Com base no que viu nesta segunda-feira, a ministra
Izabella disse que a projeção de dispersão da lama no mar por enquanto
está correta, com a mancha mais espessa concentrada em uma área de
aproximadamente 10 quilômetros ao longo da costa e avançando 1,5 km mar
adentro. Havia relatos de extensões maiores, mas que, segundo ela,
referem-se a uma pluma de sedimentos mais finos, que tendem a se
dispersar mais superficialmente e não são a preocupação principal.
"O
monitoramento está sendo feito; se vai ampliar a mancha, nós vamos
saber", garantiu a ministra, repetindo que não há previsão de que os
sedimentos chegarão ao Parque Nacional Marinho dos Abrolhos, no sul da
Bahia. A dispersão dos sedimentos é diretamente afetadas pelos ventos,
que empurram as massas de água para uma ou outra direção.
Novos
dados de monitoramento levantados pela Agência Nacional de Águas (ANA)

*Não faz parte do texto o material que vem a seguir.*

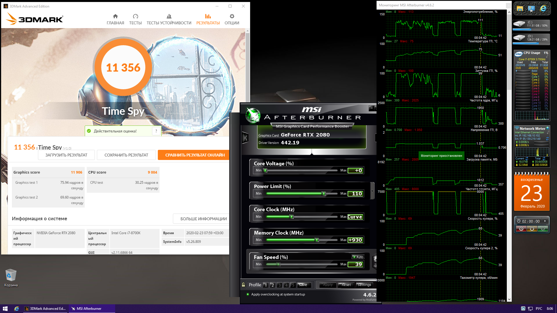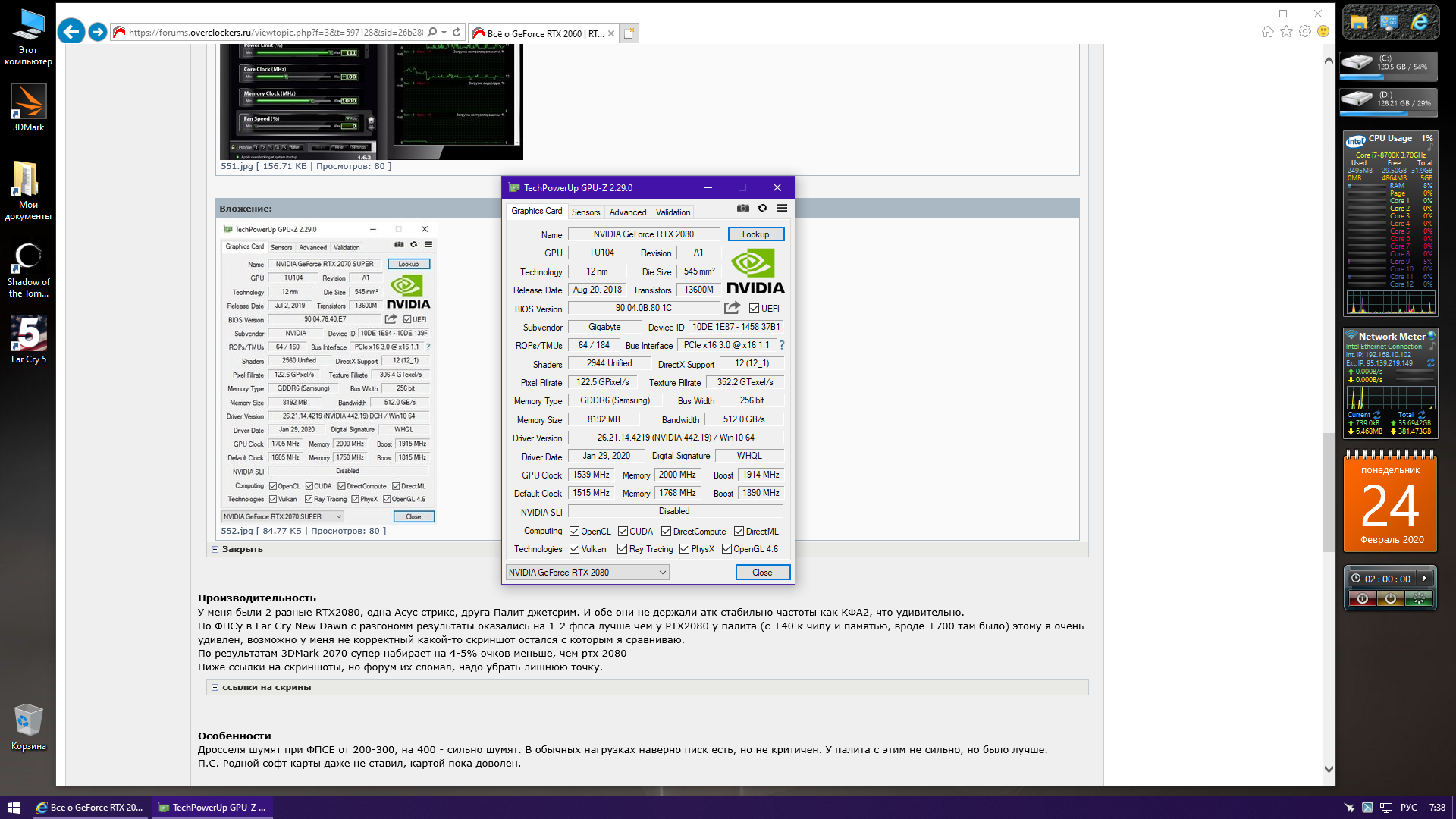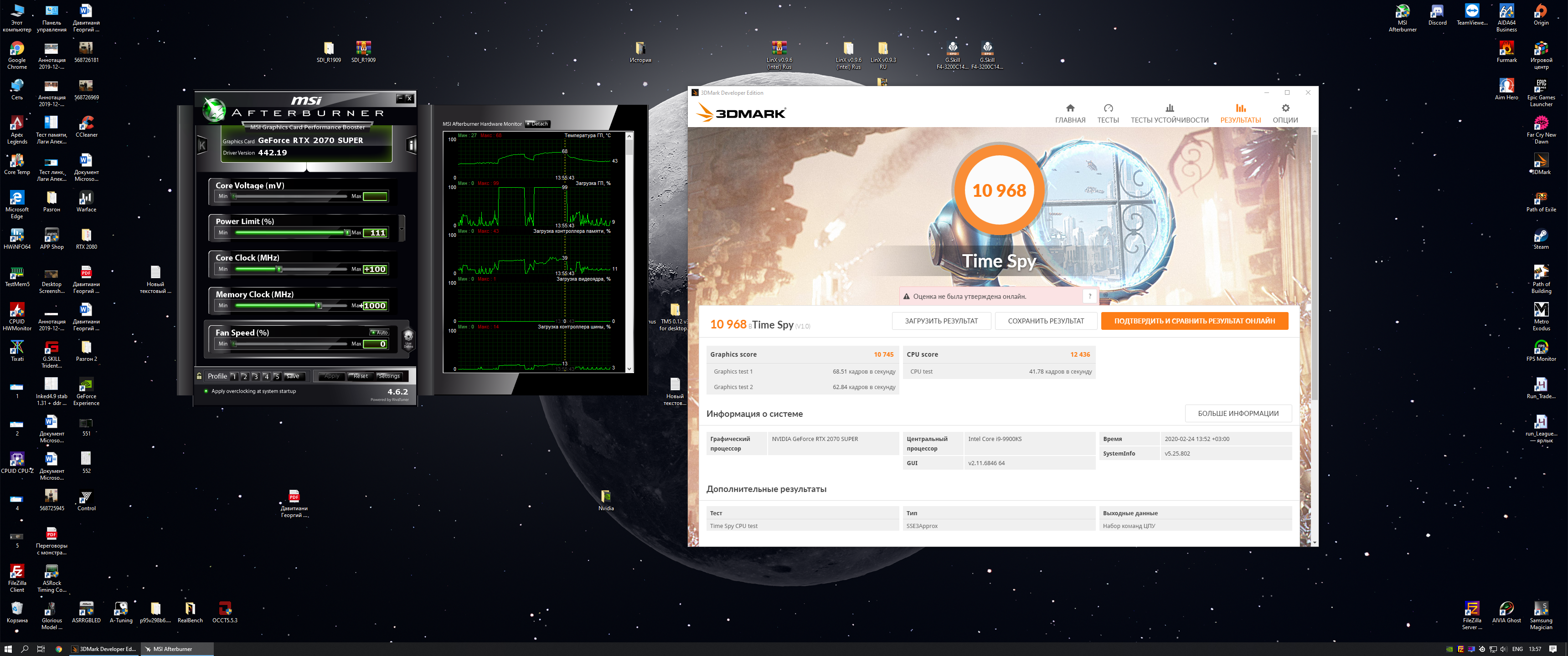 Ну вот, разница 10.8% по графике на одних и тех же частотах между 2070 супер и 2080 и это нифига не погрешность. И это реальные цифры без всяких ковыряний в драйвере и прочих открытых окон и вертушек на 100% для снятия скрина.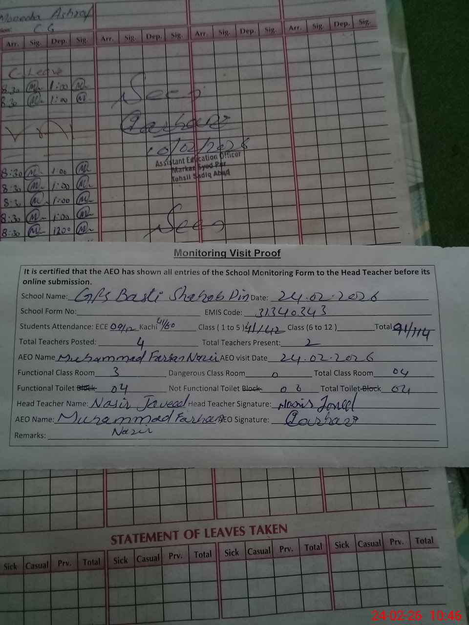 | Attendance Register | Head Teacher | MEA with School | Visit Proof |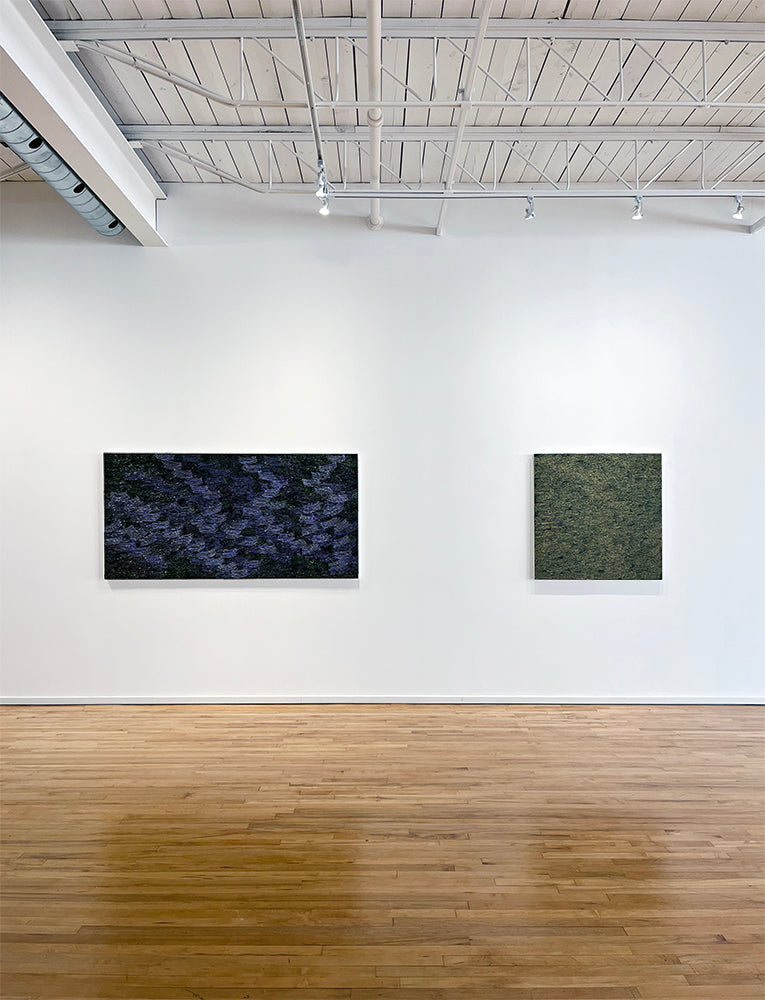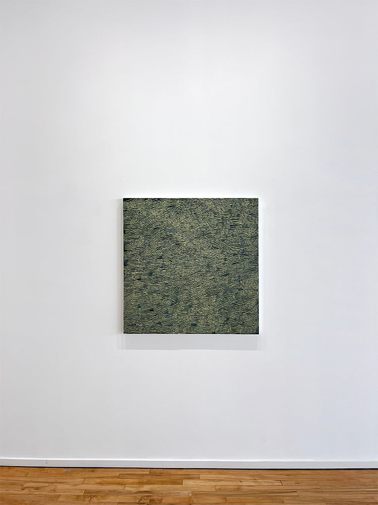 Christou’s dimensional paintings are constructed by repetitive weaving of colour to create optical play and intricacy. She builds her abstract compositions with layers of acrylic paint or oil pastel, forming surfaces with incredible depth and texture.
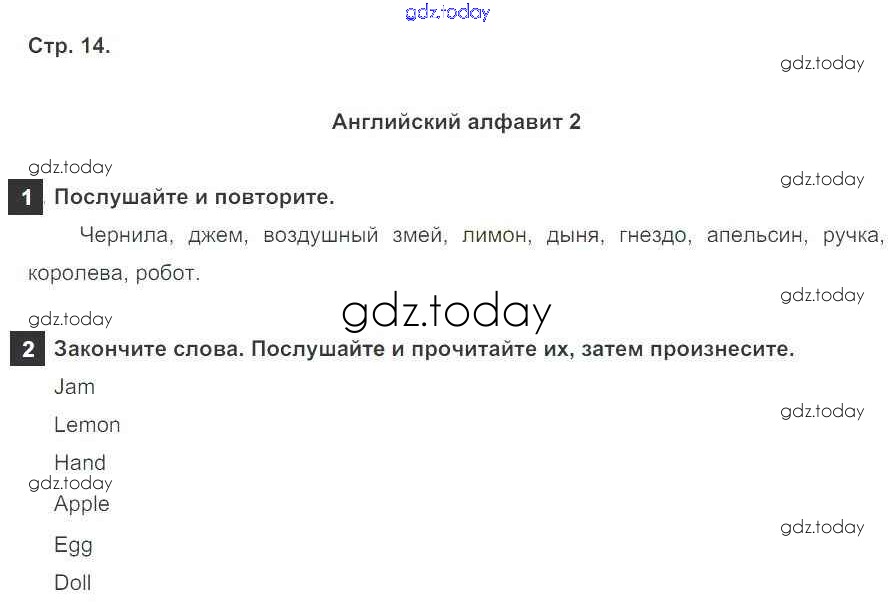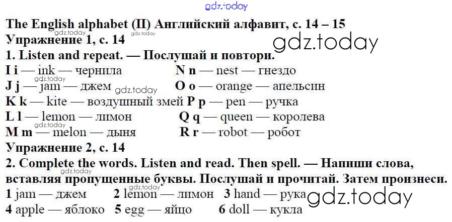 На страницах сайта gdz.today вы найдете учебный и вспомогательный материал, направленный на улучшения знаний школьной программы. ГДЗ - онлайн мир знаний Решение к Starter Unit стр. 14 Учебнику по Английскому языку для 5 класса Ваулина, Дули Просвещение Spotlight 2015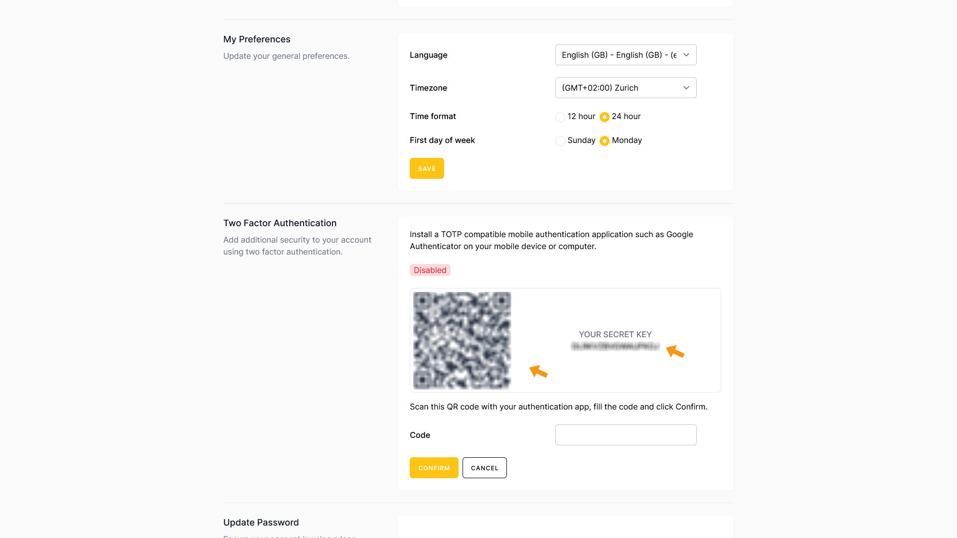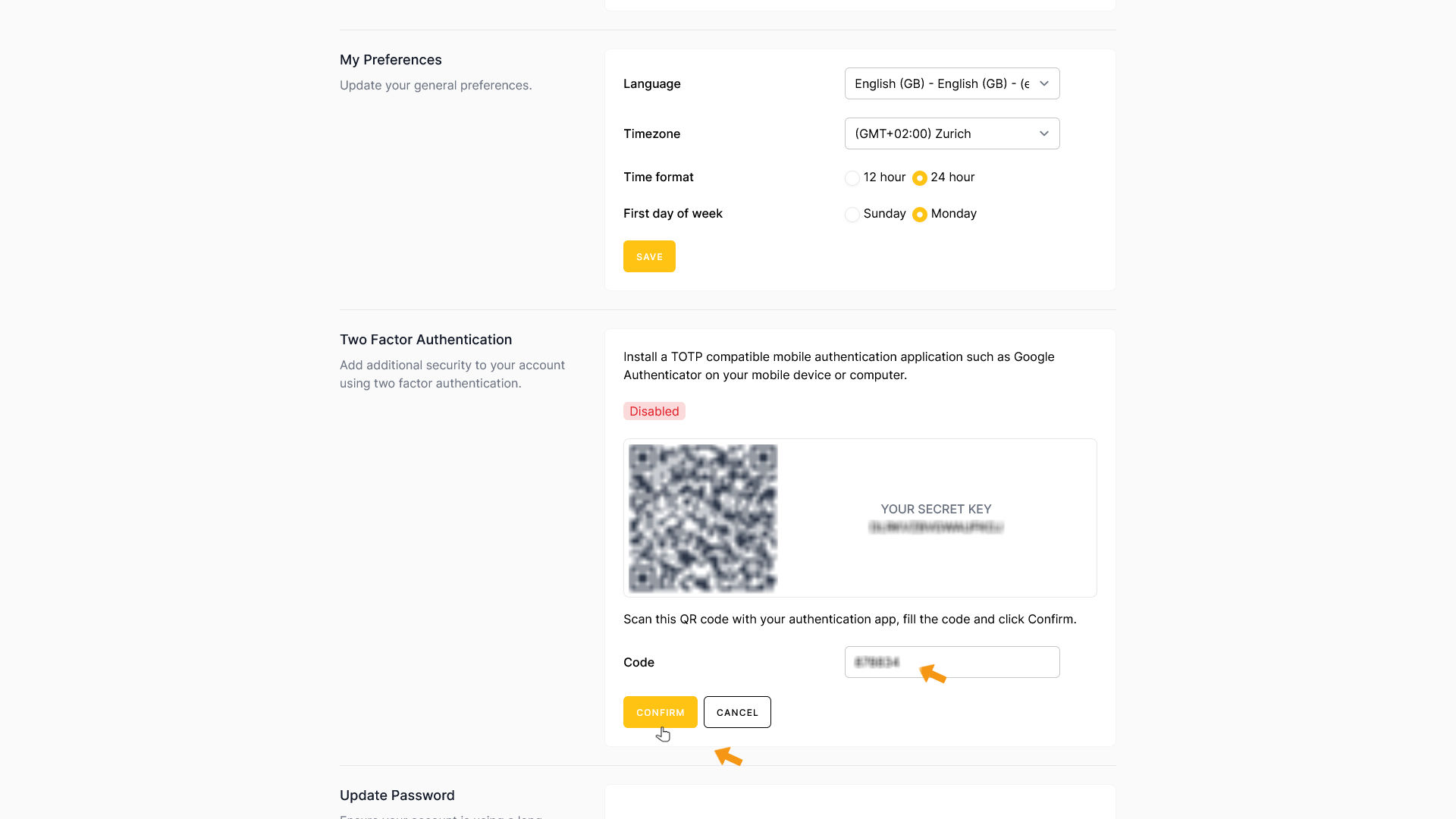 Once that’s done, your authenticator app will display a code. Enter the code into the Code field in zappzy and click CONFIRM.

foram enviados à UFRJ para que o modelo de previsão possa ser
atualizado. Segundo o governador Hartung, é preciso "mais ciência e
menos achismo" na resposta ao desastre.
Toneladas
Ao
longo da calha principal do Rio Doce, peixes mortos continuam a
aparecer, principalmente nos trechos mais próximos a Minas Gerais, que
foram impactados há mais tempo. Há relatos de que 8 toneladas de peixes
mortos já foram recolhidas.
De Colatina para baixo, próximo à
foz do Rio Doce, ainda não havia mortandade generalizada, mas
pesquisadores acreditam ser apenas uma questão de tempo para que isso
ocorra, pois a concentração de sedimentos na água é tão grande que
"entope" as brânquias dos animais, além de exterminar o plâncton,
crustáceos e outros organismos dos quais eles se alimentam.
O
pesquisador José Augusto Senhorini, do Centro Nacional de Pesquisa e
Conservação de Peixes Continentais (Cepta-ICMBio), disse que pode haver
um intervalo de vários dias entre a chegada da lama e a morte dos peixes
- que depois de mortos ainda levam dois a três dias para boiar. Os
efeitos cumulativos do desastre sobre a fauna aquática do rio, portanto,
só poderão ser mensurados com o passar do tempo.
Uma boa notícia,
verificada nesta segunda-feira por meio de um sobrevoo, é que há um
grande reservatório de água na represa de Aimorés, na divisa de Minas
Gerais com o Espírito Santo, que não foi contaminado pela lama e está
cheio de peixes, e que portanto poderá servir como um reservatório de
vida para o repovoamento do rio mais adiante.